Required action – All of the records below need to be written out exactly, but without the pictures.

(Stored items)
◆ ◆ ◆ ◆ ◆

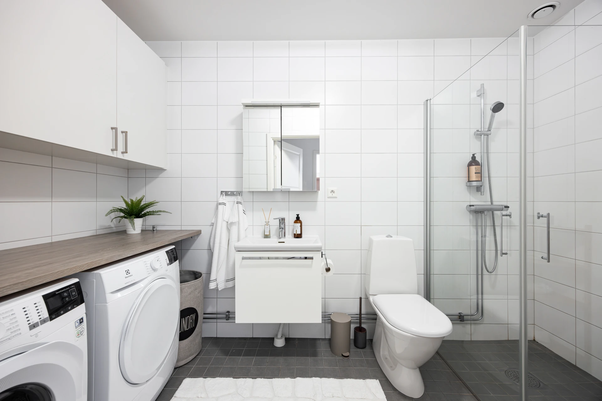 Grått klinkergolv och vita helkaklade väggar. Badrummet är utrustat med WC, handfat med kommod, spegelskåp, dusch med glasvägg, tvättmaskin och torktumlare. Förvaring i väggskåp.
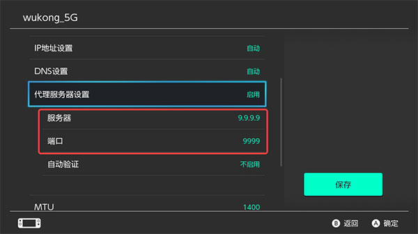 3、將“代理服務(wù)器設(shè)置”切換為“啟用”狀態(tài),并依照加速器中的網(wǎng)絡(luò)設(shè)置頁面的提示信息,將“服務(wù)器”、“端口”信息進(jìn)行設(shè)置
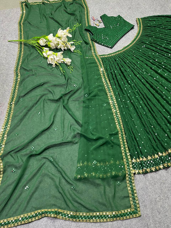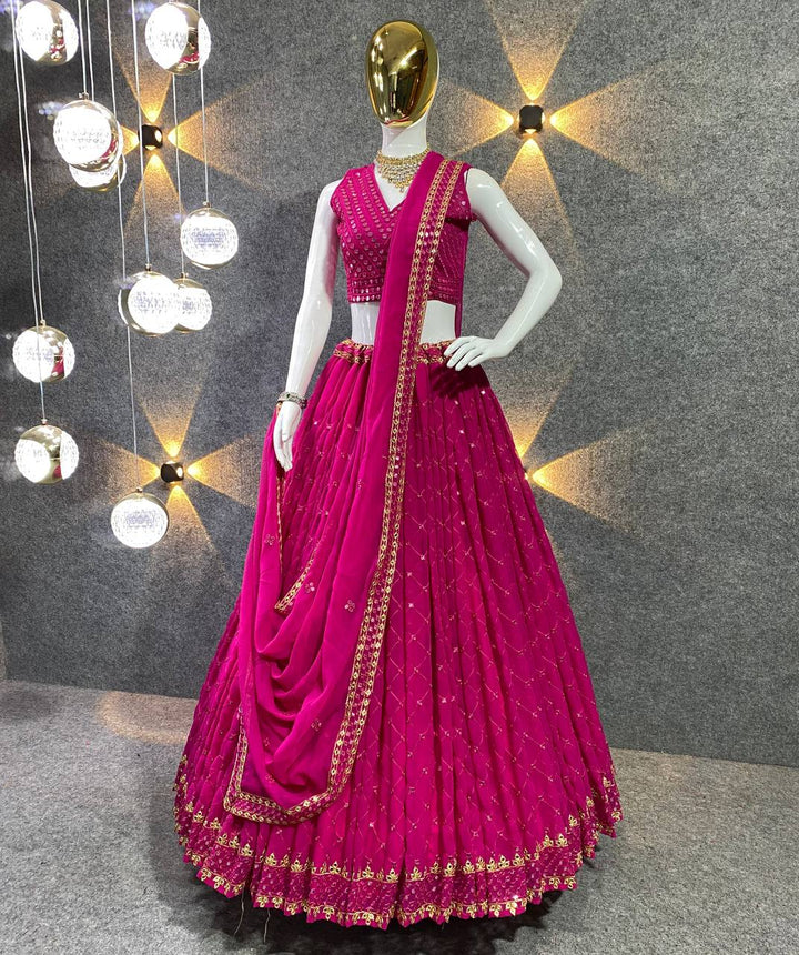 Elegant and festive, this silk lehenga choli set features intricate embroidery, sequin, and zari work. Perfect for weddings, parties, and traditional celebrations, it comes with a flared lehenga, matching blouse, and heavy dupatta.
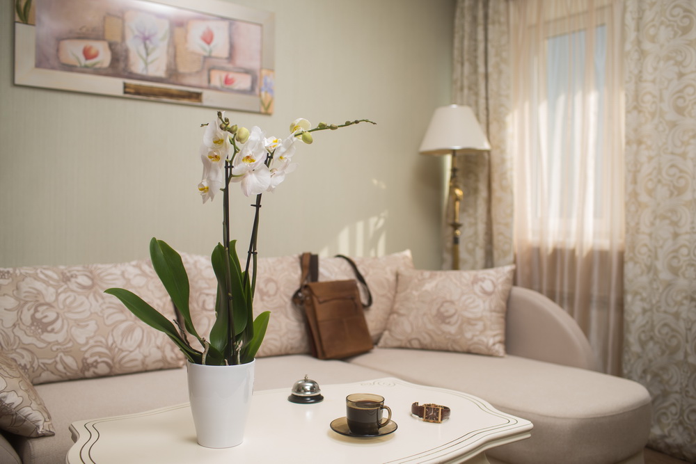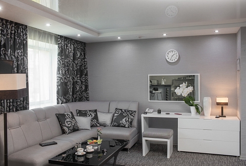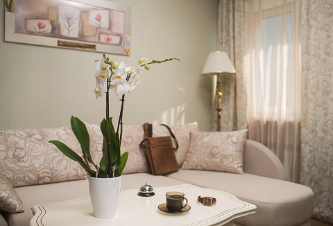В номере: диван, кровать двуспальная, прикроватные тумбочки, стол, стулья, шкаф, кондиционер, мини-холодильник, телевизор, чайная станция
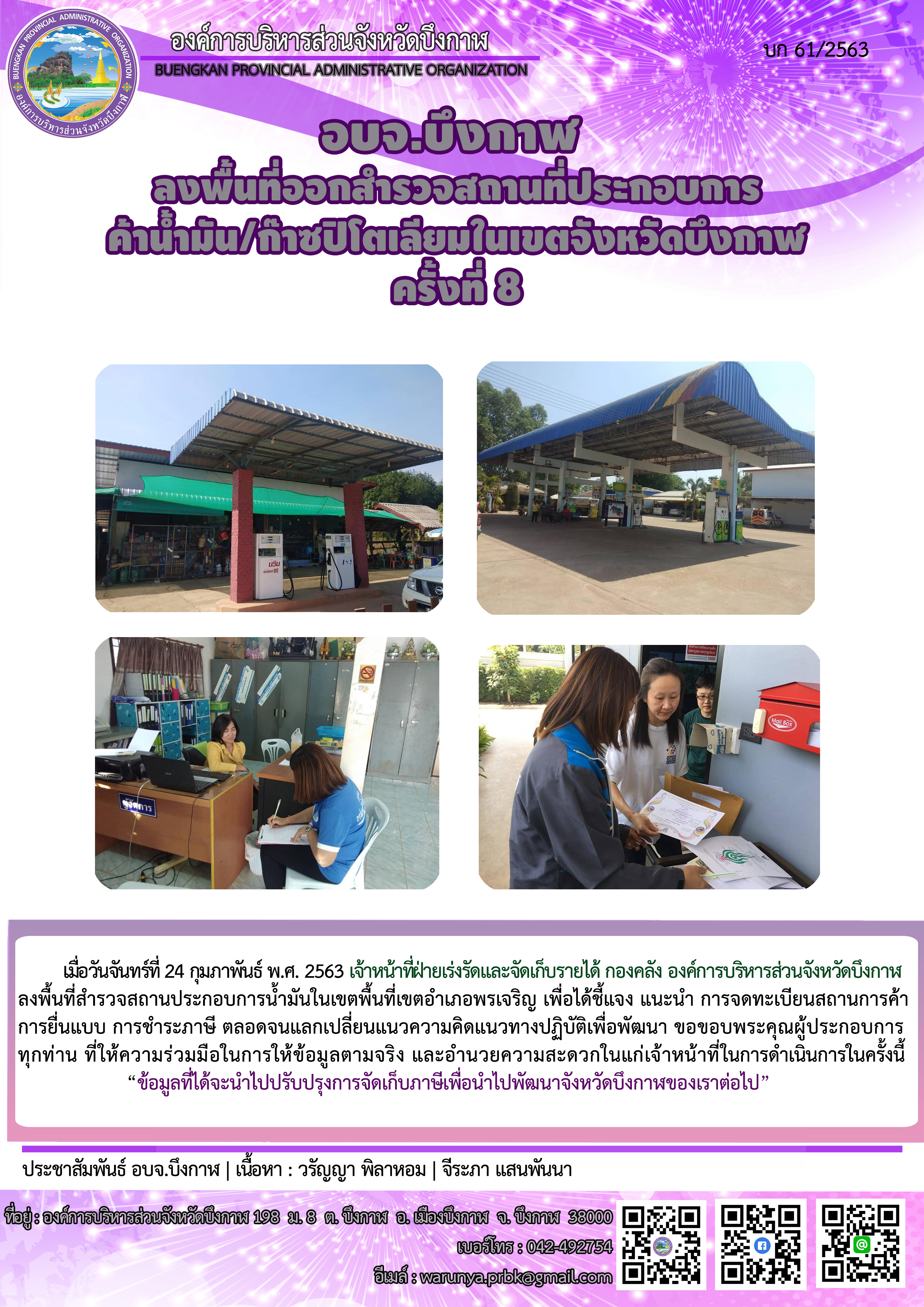 อบจ.บึงกาฬ ลงพื้นที่ออกสำรวจสถานที่ประกอบการค้าน้ำมันและก๊าซปิโตรเลียมในเขตจังหวัดบึงกาฬ ครั้งที่ 8
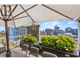 Fantastic Oppourtunity, to own a Unique Urban Garden Space Overlooking the Core. An Extraordinary Offering at King George Square, Impeccably Renovated Corner Residence Redefines Luxury Urban Living with a Remarkable approx. 1,400 sqft Private Terrace-a Truly Rare feature in the Heart of Downtown Toronto. Designed for those who value Sophistication, Scale, and Seamless Indoor-Outdoor Living, this 2-bedroom, 2-bathroom suite delivers an Unparalleled Lifestyle Experience. The Refined interior Showcases a Thoughtfully Curated Open-Concept Layout, Bathed in Natural Light from its Southeast Exposure. The Bespoke Chef's Kitchen is outfitted with Premium Gaggenau Integrated Appliances including a 24" Gaggenau Wine Fridge, Sleek Custom Cabinetry, and Elegant Finishes, flowing effortlessly into the living and dining spaces-perfect for both Intimate Evenings and Elevated Entertaining. Custom built-ins, including a Stylish Bar and Wine Storage, add a layer of understated Luxury and Functionality. All Designer Bathrooms & Kitchens Imported from Italy. The Primary Bedroom Sanctuary features direct access to the Terrace and a beautifully appointed ensuite, offering a serene retreat above the city. The second bedroom, enhanced with a custom CLEI Rotational Bed, Imported from Italy, provides versatility as a Sophisticated Guest Suite or Executive Home Office. This Exceptional Residence is complemented with 1 underground parking space, a storage locker, along with Exclusive Building Amenities including 24-hr Concierge Service, Fitness Centre, Party & Meeting rooms, and a Rooftop Garden. Perfectly positioned just steps from St. Lawrence Market, the Distillery District, Premier Dining, Transit, and The Waterfront, this is a Rare Opportunity to own a Statement Home offering Privacy, Prestige, and Expansive Outdoor Living in the City's Core. (id:61594)
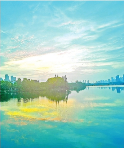 墨水湖如同透亮的蓝色玻璃,天上的云、岸边的树和远处的高楼倒映水中,好一幅治愈心灵的画面。
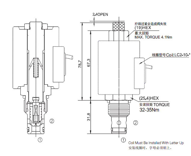 失电时,①到②相当于单向阀,②到①关闭;

◆ ◆ ◆ ◆ ◆

Exercise answer –
 Grått klinkergolv och vita helkaklade väggar. Badrummet är utrustat med WC, handfat med kommod, spegelskåp, dusch med glasvägg, tvättmaskin och torktumlare. Förvaring i väggskåp.
 3、將“代理服務(wù)器設(shè)置”切換為“啟用”狀態(tài),并依照加速器中的網(wǎng)絡(luò)設(shè)置頁面的提示信息,將“服務(wù)器”、“端口”信息進(jìn)行設(shè)置
 Elegant and festive, this silk lehenga choli set features intricate embroidery, sequin, and zari work. Perfect for weddings, parties, and traditional celebrations, it comes with a flared lehenga, matching blouse, and heavy dupatta.
В номере: диван, кровать двуспальная, прикроватные тумбочки, стол, стулья, шкаф, кондиционер, мини-холодильник, телевизор, чайная станция
 อบจ.บึงกาฬ ลงพื้นที่ออกสำรวจสถานที่ประกอบการค้าน้ำมันและก๊าซปิโตรเลียมในเขตจังหวัดบึงกาฬ ครั้งที่ 8
 Fantastic Oppourtunity, to own a Unique Urban Garden Space Overlooking the Core. An Extraordinary Offering at King George Square, Impeccably Renovated Corner Residence Redefines Luxury Urban Living with a Remarkable approx. 1,400 sqft Private Terrace-a Truly Rare feature in the Heart of Downtown Toronto. Designed for those who value Sophistication, Scale, and Seamless Indoor-Outdoor Living, this 2-bedroom, 2-bathroom suite delivers an Unparalleled Lifestyle Experience. The Refined interior Showcases a Thoughtfully Curated Open-Concept Layout, Bathed in Natural Light from its Southeast Exposure. The Bespoke Chef's Kitchen is outfitted with Premium Gaggenau Integrated Appliances including a 24" Gaggenau Wine Fridge, Sleek Custom Cabinetry, and Elegant Finishes, flowing effortlessly into the living and dining spaces-perfect for both Intimate Evenings and Elevated Entertaining. Custom built-ins, including a Stylish Bar and Wine Storage, add a layer of understated Luxury and Functionality. All Designer Bathrooms & Kitchens Imported from Italy. The Primary Bedroom Sanctuary features direct access to the Terrace and a beautifully appointed ensuite, offering a serene retreat above the city. The second bedroom, enhanced with a custom CLEI Rotational Bed, Imported from Italy, provides versatility as a Sophisticated Guest Suite or Executive Home Office. This Exceptional Residence is complemented with 1 underground parking space, a storage locker, along with Exclusive Building Amenities including 24-hr Concierge Service, Fitness Centre, Party & Meeting rooms, and a Rooftop Garden. Perfectly positioned just steps from St. Lawrence Market, the Distillery District, Premier Dining, Transit, and The Waterfront, this is a Rare Opportunity to own a Statement Home offering Privacy, Prestige, and Expansive Outdoor Living in the City's Core. (id:61594)
 墨水湖如同透亮的蓝色玻璃,天上的云、岸边的树和远处的高楼倒映水中,好一幅治愈心灵的画面。
 失电时,①到②相当于单向阀,②到①关闭;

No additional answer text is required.